La raréfaction des ressources en énergies fossiles : mythes et réalités
Le long chemin de la cacophonie vers la symphonie
Lorsqu’on écoute des spécialistes parler des ressources et des réserves de pétrole, de gaz naturel, mais aussi de charbon, il s’en dégage une impression de cacophonie. Comment des personnes ou organismes a priori compétents dans les diverses disciplines (géologie, économie), qui concourent a élaborer une vision sur les futures productions des diverses énergies fossiles, peuvent-ils à ce point diverger dans leurs opinions ? Peut-on espérer une certaine harmonisation de celles-ci, à défaut d’euphonie, et a quel horizon ?

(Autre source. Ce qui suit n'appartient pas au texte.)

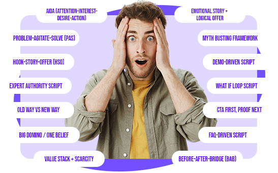 15+ proven frameworks like AIDA, PAS, Story‑Offer, Objection Handling, Myth Busting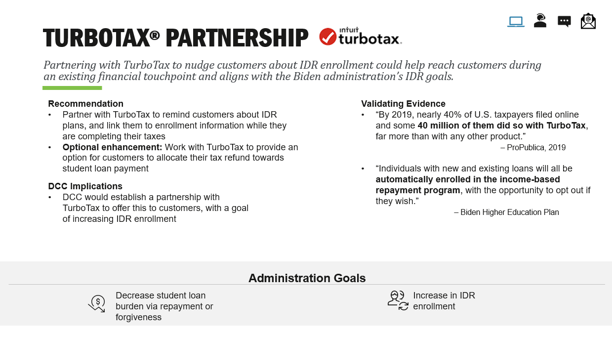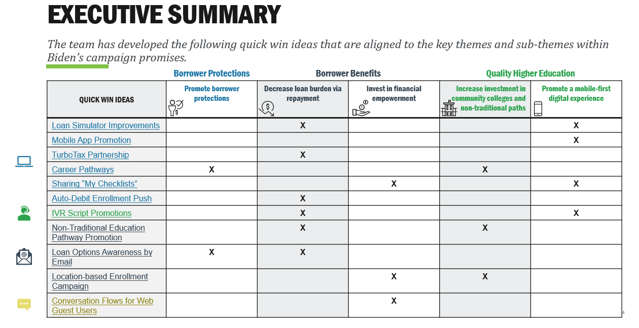 The image provided below displays an overview of the policy strategy I developed not only to better inform our clients of breaking news and legislative updates but also to promote informed and policy-driven recommendations that directly impact our digital transformation efforts. When I initially formed this strategy, I quickly gathered all credible inputs, including all congressional announcements and White House memoranda, that would inform our project’s internal and client communications. By considering policy trends, we were able to create a digital transformation strategy to both meet the demands of a highly regulated industry and our client’s goal of providing a world-class customer experience through their digital toolkit.

Avec le changement climatique, la question pétrolière est pourtant une question essentielle pour nos sociétés : pourrions-nous gérer sans violence une éventuelle pénurie mal anticipée de cette ressource si difficile à remplacer qu’est le pétrole ?
Il est vrai que le contre-choc pétrolier qui s’est traduit dans les années quatre-vingt par une baisse de la demande mondiale, suivie d’un effondrement des cours du baril et des profits pétroliers, est resté comme un traumatisme majeur dans le monde du pétrole. Peut-on reprocher aux producteurs et aux dirigeants des compagnies pétrolières de chercher à protéger leur marché – et leurs profits – en repoussant dans leurs déclarations l’horizon des tensions pétrolières ?
Ainsi en 2006 les compagnies Exxon, BP, ENI, ont expliqué au plus haut niveau (CEO, directeur de la stratégie), ou affirmé par des campagnes médiatiques qu’il n’y avait pas de risque de rareté physique : « no sign of peak oil ». Ils ont été soutenus par la plupart des universitaires ou consultants s’intéressant à la question, comme le CERA, ainsi que par les grandes organisations internationales, Agence internationale de l’Énergie (AIE) en tête. Le fait que cet organisme, chargé d’éclairer les gouvernements des États de l’OCDE, ne dispose ni de géologues ni de producteurs pour éclairer sa lanterne sur ce sujet dont la compréhension passe par les géosciences laisse quelque peu inquiet.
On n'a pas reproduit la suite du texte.